Procedure Description
- The patient is positioned, usually lying flat on their back.
- Anesthesia (local, regional, or general) is administered to numb the area or sedate the patient.
- The bladder is visualized using a cystoscope inserted through the urethra.
- A small incision is made in the lower abdomen.
- A catheter is inserted through the incision into the bladder.
- The catheter is secured in place, and urine flow is confirmed.
Duration
The procedure typically takes about 30 minutes to an hour.
Setting
It is usually performed in a hospital operating room or an outpatient surgical center.
Personnel
- Urologist or trained surgeon
- Surgical nurses or assistants
- Anesthesiologist or nurse anesthetist (if sedation or anesthesia is used)
Risks and Complications
- Infection at the insertion site or in the bladder
- Bleeding
- Injury to surrounding organs
- Dislodgement or blockage of the catheter
- Pain or discomfort
Benefits
- Immediate relief from urinary retention
- Reduced infection risk compared to long-term urethral catheterization
- Improved quality of life
- Lower incidence of urethral damage
Recovery
- Post-procedure care includes monitoring for signs of infection and ensuring the catheter is draining properly.

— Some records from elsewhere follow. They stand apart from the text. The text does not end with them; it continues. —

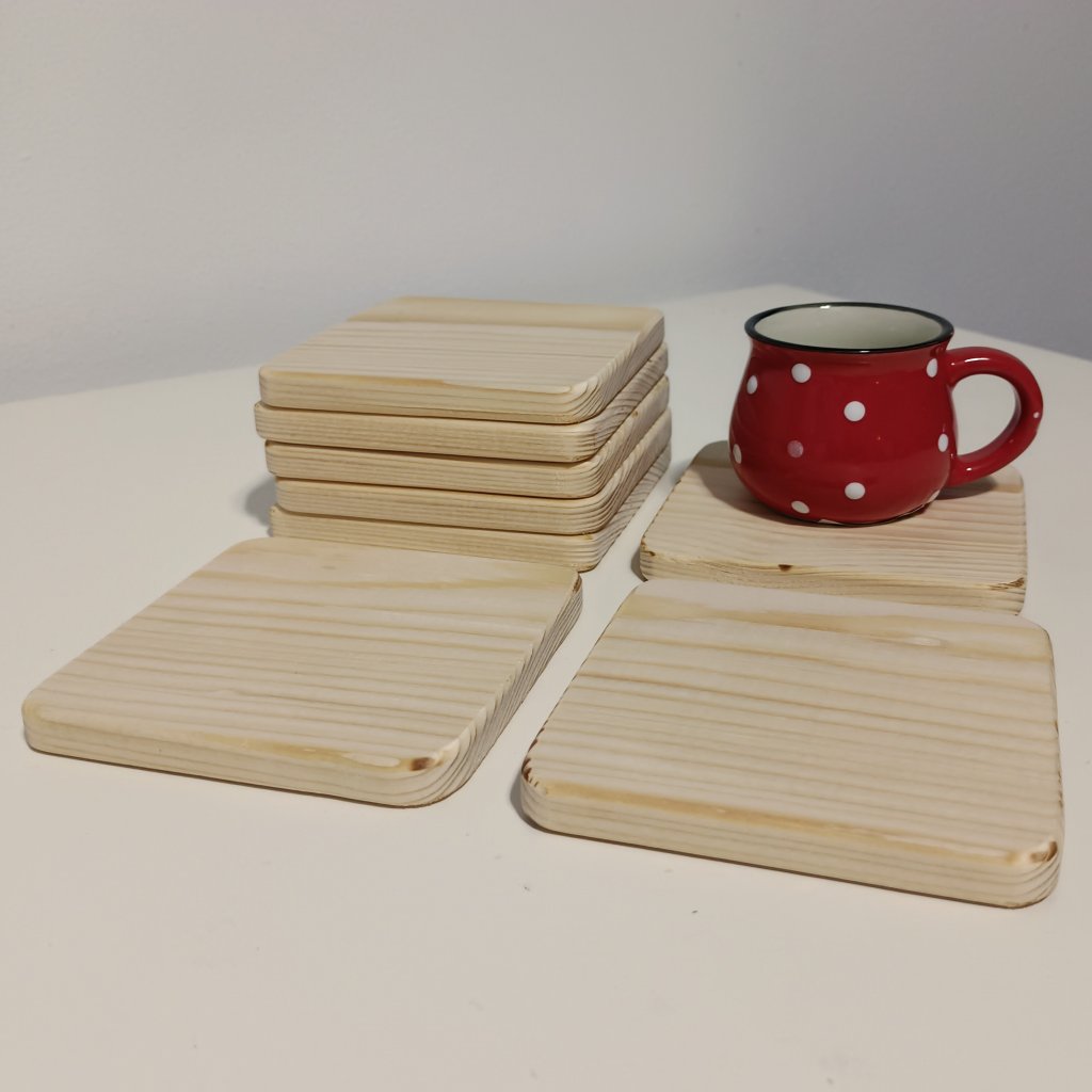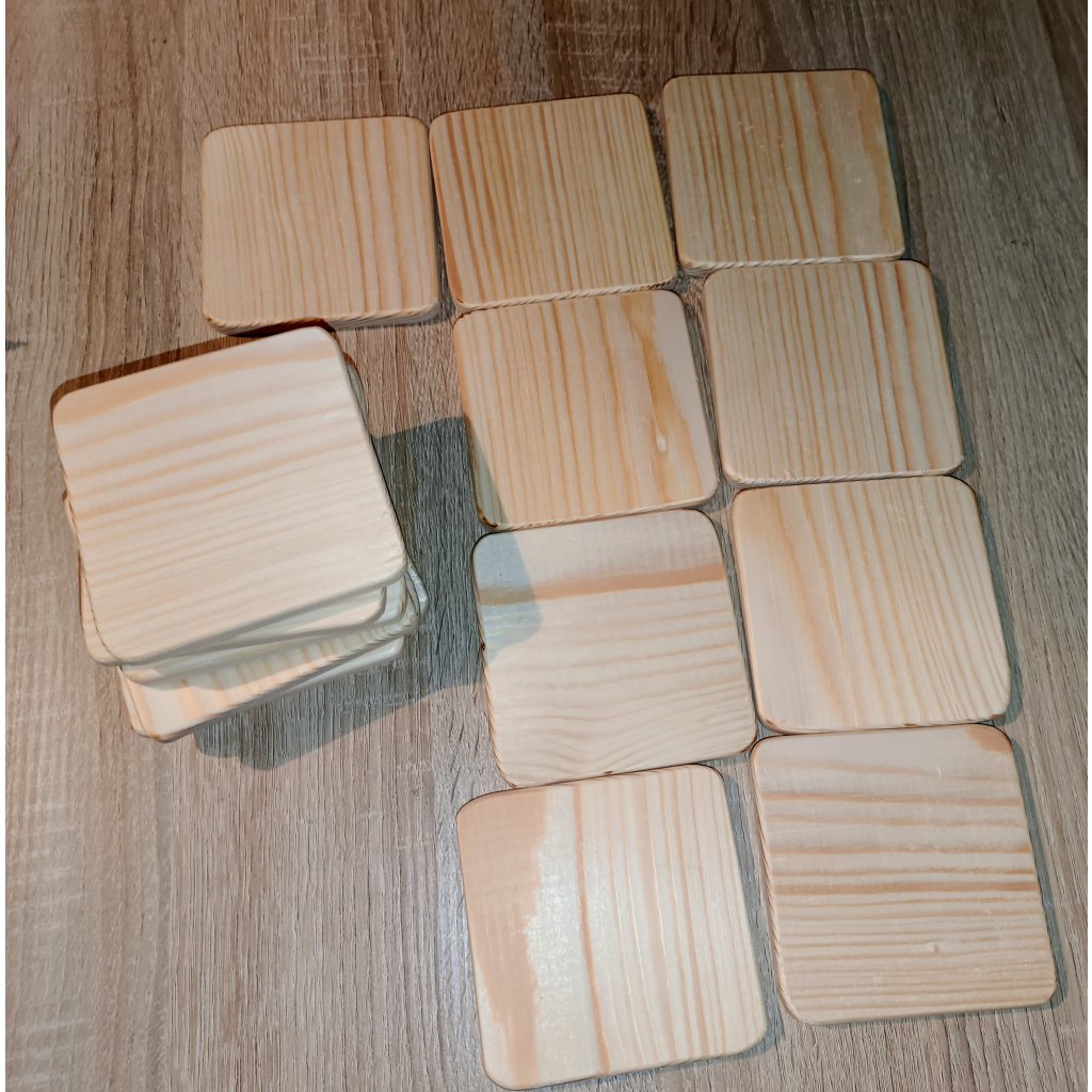 Podtácky tvaru čtverce se zaoblenými rohy a oblými hranami můžete dotvořit podle vlastní fanzazie a vytvořit tak vlastnoruční dárek či dekoraci nebo je můžete použít k další tvorbě. Co všechno se dá z takových podtácků vytvořit? Poskládejte třeba "perníkovou" chaloupku, pexeso nebo namalujte ozdoby na stromeček, záleží jen na Vás.
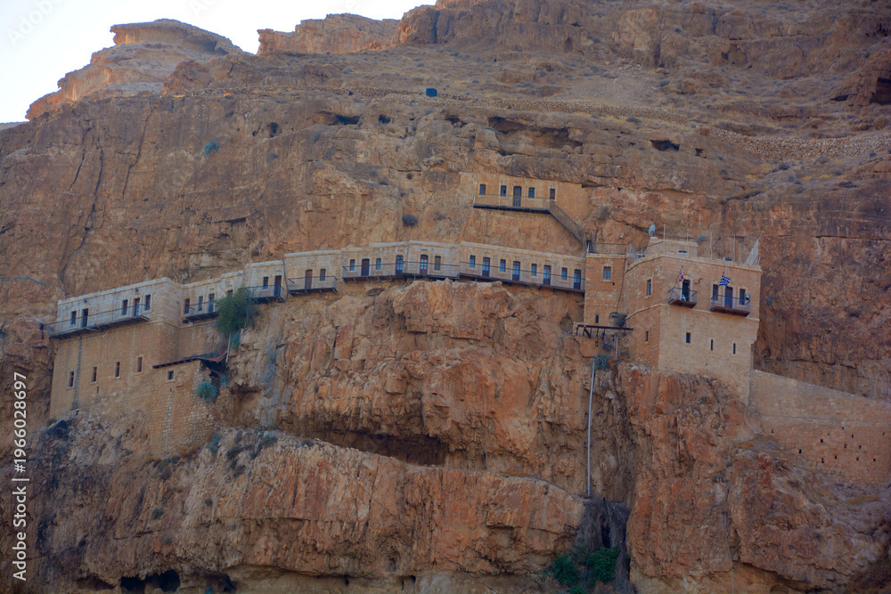 JERICHO ISRAEL: The Monastery of Saint George of Choziba is a Greek Orthodox monastery dramatically built into the cliff face of the Wadi Qelt, a scenic gorge between Jerusalem and Jericho. #1966028697
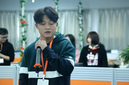 下面的這位小哥哥也是新人哦,而且當(dāng)天還唱了一首《南山南》,他就是來自我們環(huán)保在線的江鴻
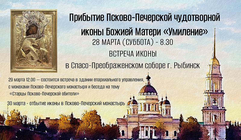 Из Псково-Печерского монастыря28 марта Рыбинск посетит чудотворная икона Богоматери «Умиление» Псково-Печерская. Два дня она будет находиться в Спасо-Преображенском соборе.Торжественная встреча иконы состоится в соборе 28 марта в 8.30. Ежедневно перед святыней будут совершать молебны.29 марта в 12.00 состоится встреча с монахами Псково-Печерского монастыря и беседа на тему «Старцы Псково-Печерской обители». Мероприятие пройдет в Епархиальном управлении, Крестовая 3, 3 этаж, актовый зал.Кстати:Псково-Печерская «Умиление» — список с знаменитой Владимирской иконы, выполненный в 1521 году благочестивым иноком Арсением (Хитрошем).Икона стала широко известна после событий 1581 года, когда армия польского короля Стефана Батория осадила Псков. Во время осады вражеское ядро попало в образ Богородицы, поставленный на городской стене, но повредив ни икону, ни защитников города . Враг так и не смог взять Псков.Название «Умиление» (Елеуса) образ получил за трогательное изображение Богородицы, нежно
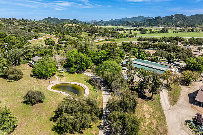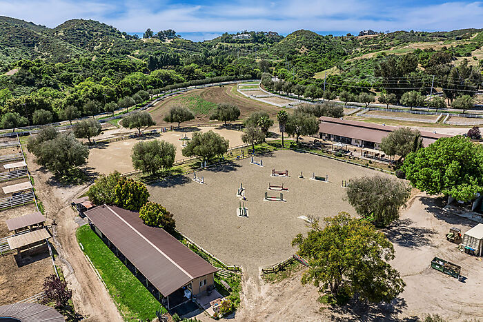 Experience 1812 W Potrero Road, operating as Shelburne Farms, an iconic & income producing Equestrian Facility in the heart of Hidden Valley. This rare offering sits minutes from Lake Sherwood and Sherwood Country Club, with easy access to the shopping, dining, and services of Westlake Village and a short scenic drive to the beaches of Malibu. The property is designed for serious training and smooth daily operations, blending large scale infrastructure with the timeless beauty of rolling hills and an open sky. The equestrian facilities include a main barn with 33 stalls, 5 of which are 12 x16, and 3 of those with in and out access. A secondary barn provides 23 stalls, the lower barn offers 8 stalls, and the hay barn includes 4 additional stalls for overflow, creating a total of 68 stalls. Training amenities feature 4 arenas including 2 large arenas, 1 smaller arena near the secondary barn, and 1 overflow arena near the residence. There are 22 turnouts in various sizes with some partial covering, 2 tracks and 1 Eurosizer. The main residence offers approximately 4,130 square feet with 4 bedrooms and 4.5 bathrooms, generous living and dining spaces, a pool and an easy indoor to outdoor flow that is ideal for relaxing after a ride or hosting friends. Two additional staff apartments are integrated within the barns. Set within one of Southern California's most storied Equestrian Enclaves, 1812 W Potrero Road delivers privacy, convenience, and a proven income stream in an exceptionally well equipped training environment. Hidden Valley feels a world apart, offering the rare union of country quiet and coastal convenience, with sweeping scenery, privacy, and generous open space. It is one of Southern California's most coveted settings for horse lovers and nature minded homeowners, where daily life can include morning rides and evenings spent entertaining under the stars. Here, the setting elevates both living and training, supporting a serious equestrian program while providing a warm and welcoming home base. This is a property that rewards both performance and peace. Listed by: Jenna Kaye - #09132772 - Rodeo Realty & Jaime Krupnick - #02139605 - Engel & Volkers |
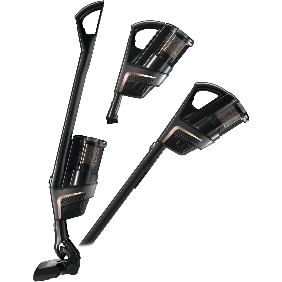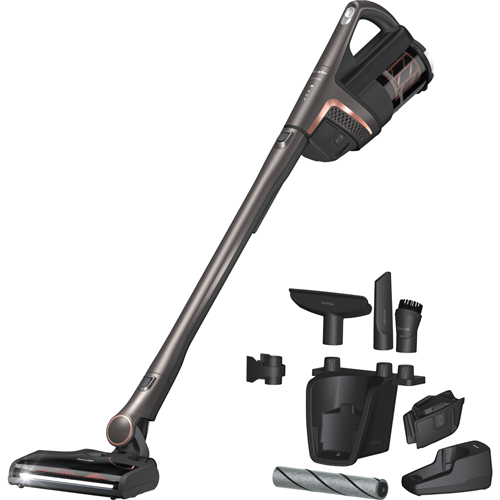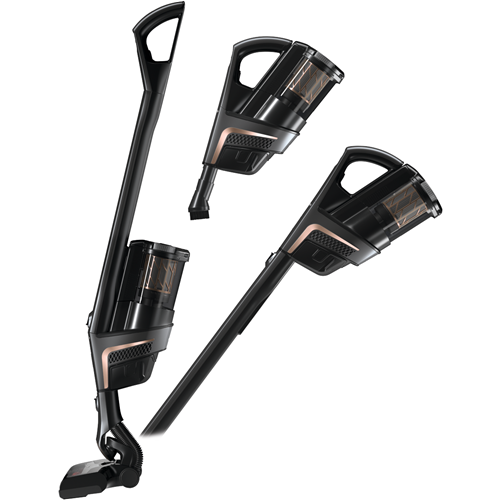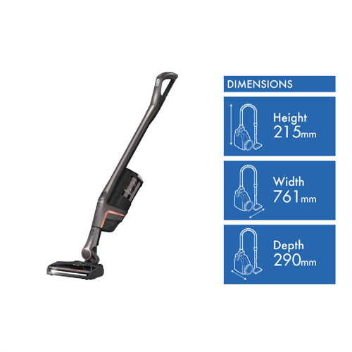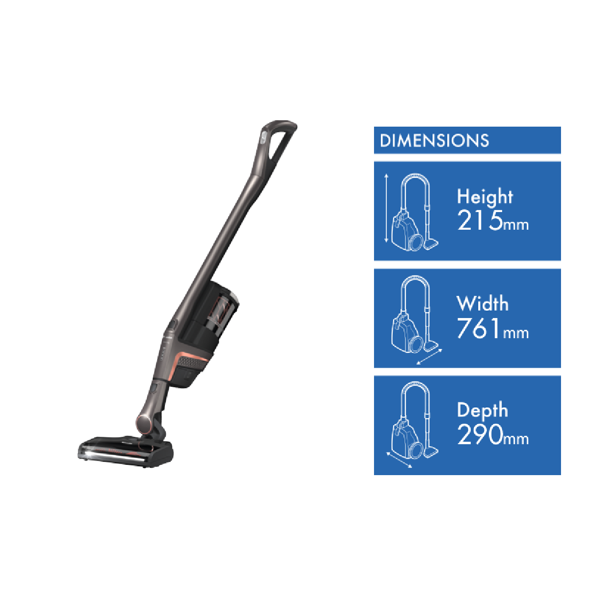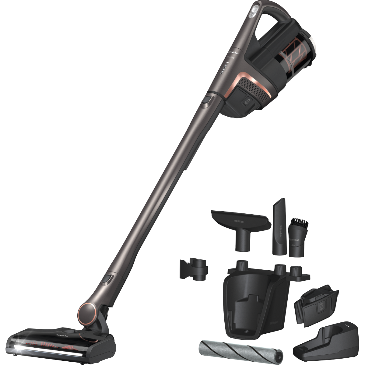 The Miele Triflex HX2 Pro Bronze Pearl 11827150 vacuum is a top of the line option for effortless cordless cleaning. It features a German made Digital Efficiency Motor that's 60% more powerful than the previous model a HEPA-13(2) allergy certified filter with over 99.99% particle pickup rate and spare battery offering a total combined two hours of operation(1) over 250 metres squared. Miele's unique 3in1 setup allows the vacuum module to be installed at the top or bottom of the stick for either flexibility or lightweight uses as well as use independent of the stick to allow for tight spaces to be tidied. Clean your filter easily with ComfortClean ensuring no dust or hair gets stuck and with 500ml of capacity it can ensure that your vacuuming sessions are quick and pain free. Disclaimers: (1) Applies to power setting 1 without Multi Floor XXL ElectroBrush attached and the usage of 2 batteries. (2) In accordance with EN 1822/2011 & EN 60312-1
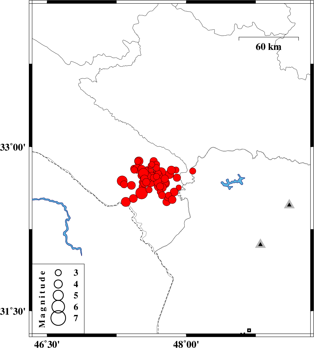 2014/08/17 15:35:13.9 20:05:13.9 32.7847.6918 ML3 Ilam Province, 27 km South-East of Abdanan
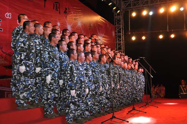 安全学院新生合唱团第四组登台演唱,他们结合自身的特点和专长选取《中国军魂》、《矿大之歌》两首歌曲。亮剑精神,中国军魂,剑锋所指,所向披靡。绅士会所
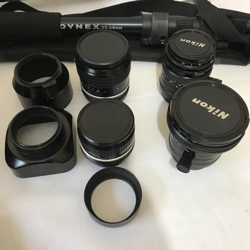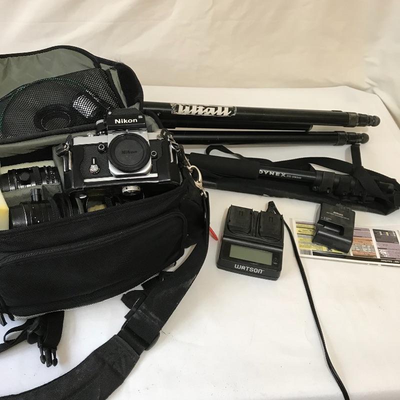 Large camera lot perfect to begin or add to your photographer’s collection. Nikon F2 with 28mm, 50mm and 105mm lenses and nice Canon case with insulation to keep your items safe. Tiltall tripod with three-way head, Dinex DX S040 monopod (case with broken zipper included), Nikon and Watson chargers for your professional or hobbyist needs. See photos. Shipping available.

- The patient may need to avoid strenuous activities for a few days.
- Follow-up appointments are necessary to monitor recovery and check catheter function.
- Recovery time varies but usually takes a few days to a week.
Alternatives
- Urethral catheterization
- Intermittent self-catheterization
- Medication to relieve urinary retention
- Surgical interventions like prostatectomy or urethral dilation
Patient Experience
- During the procedure, the patient may feel pressure but generally no pain with proper anesthesia.
- Post-procedure discomfort at the insertion site is common but manageable with pain medication.
- Adjusting to the catheter may take a few days, with initial sensations of urgency or bladder fullness.
- Proper care and hygiene are essential to prevent infection and ensure successful recovery.